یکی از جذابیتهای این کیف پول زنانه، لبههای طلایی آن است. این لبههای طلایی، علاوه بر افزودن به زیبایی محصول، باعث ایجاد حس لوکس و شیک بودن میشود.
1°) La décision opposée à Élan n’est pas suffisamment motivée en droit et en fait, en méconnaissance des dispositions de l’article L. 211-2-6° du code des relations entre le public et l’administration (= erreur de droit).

++++++

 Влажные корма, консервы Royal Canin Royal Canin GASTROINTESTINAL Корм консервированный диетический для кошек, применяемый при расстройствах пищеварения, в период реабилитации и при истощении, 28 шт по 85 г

++++++

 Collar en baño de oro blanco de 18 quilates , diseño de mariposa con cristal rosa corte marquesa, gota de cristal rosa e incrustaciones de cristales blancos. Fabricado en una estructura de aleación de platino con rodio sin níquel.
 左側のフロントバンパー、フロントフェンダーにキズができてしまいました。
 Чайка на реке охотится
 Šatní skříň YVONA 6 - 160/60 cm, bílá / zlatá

++++++

Return word for word the lines above from the line with "Collar en baño" to the line with "Šatní skříň YVONA", including both and leaving out all others.

 Collar en baño de oro blanco de 18 quilates , diseño de mariposa con cristal rosa corte marquesa, gota de cristal rosa e incrustaciones de cristales blancos. Fabricado en una estructura de aleación de platino con rodio sin níquel.
 左側のフロントバンパー、フロントフェンダーにキズができてしまいました。
 Чайка на реке охотится
 Šatní skříň YVONA 6 - 160/60 cm, bílá / zlatá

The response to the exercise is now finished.